Please note I do not recommend PMs as an investment. I do believe they'd make life a little easier during the start of a SHTF and well after (not much in between). As I recall people seem to complain (as I did as a youngster ) about the dealer mark up....."too much" I hear the cries. You see when I was 20 years old and working full time as a police officer and going to college full time I use to buy Canadian Maple. Leaf $5 silver one ounce coins. My local dealer charged me $5.90 plus tax and so it came to $6.25 most of the time. He didn't care if I bought 1, 5 or 20 he always charged me that same per coin mark up and it really bugged me. So much so that after 300 or 350 coins I quit. Over two years I bought from him and no break, but today I can't complain.

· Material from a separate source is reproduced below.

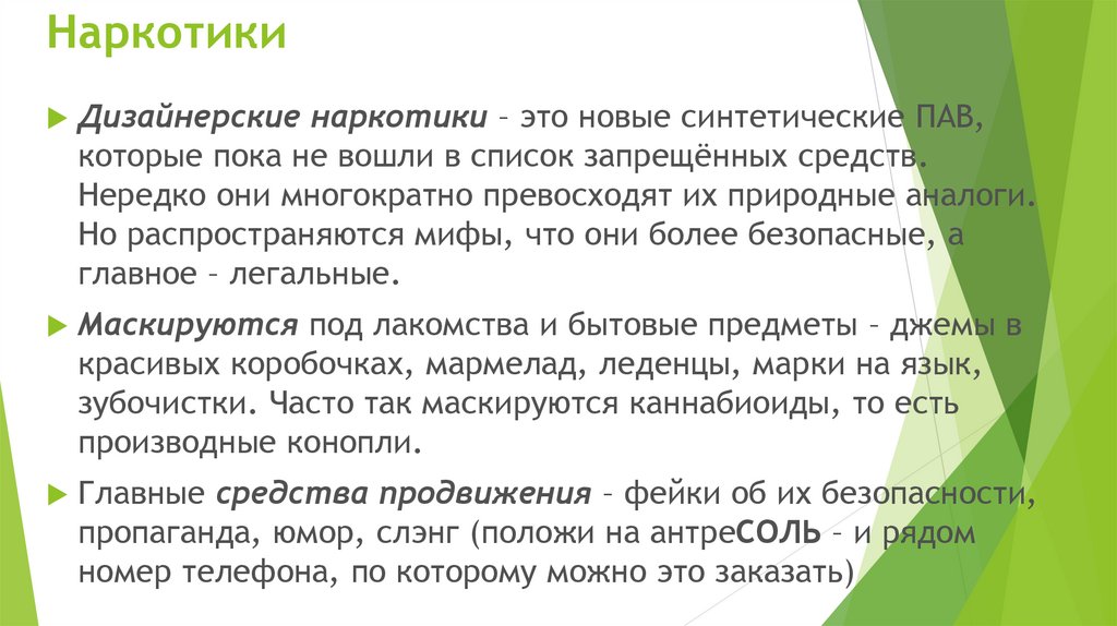 НаркотикиДизайнерские наркотики – это новые синтетические ПАВ,

Now long story over here is a $50.00 and a $20.00 face value coin for sale, no shipping, and no mark up. It's a small coin with very little actual silver but it's face value is what you pay! That only goes down with inflation while the silver goes up. Nice play! 
$50 for $50 Fine Silver Coin - Snowy Owl (2014)


----------



## jimb1972 (Nov 12, 2012)

I like it, but I can't bring myself to pay $50 for a little over half an ounce of silver.


----------



## 1skrewsloose (Jun 3, 2013)

I don't understand, very little actual real silver. The link states 99.9 silver. Still spendy, but wonder what you meant.


----------



## 1skrewsloose (Jun 3, 2013)

1skrewsloose said:


> I don't understand, very little actual real silver. The link states 99.9 silver. Still spendy, but wonder what you meant.


Duh, Yea, lot of money for so little silver. Sometimes I'm a little slow.


----------



## Ripon (Dec 22, 2012)

It's not really about the silver. This is a better play then a bunch of cash in the mattress. If you keep $500/$1000 or more in cash in case the deflation crisis hits in place of inflation (good idea) this is better. Better because for us in the States it's Canadian which is as safe if not more so from the dollar, and the small amount of silver is better then none. If we hyper inflate as most believe the silver value will exceed the face value. 

Tell me what $50 investment works in an inflationary or deflationary crisis?


----------



## paraquack (Mar 1, 2013)

Another thing to remember is the exchange rate. $50 Canadian is like $44.70 US right now.


----------



## Ripon (Dec 22, 2012)

$44.08 today as the dollar continues to soar, but no loss in silver value despite the fact bullion is less right now.


----------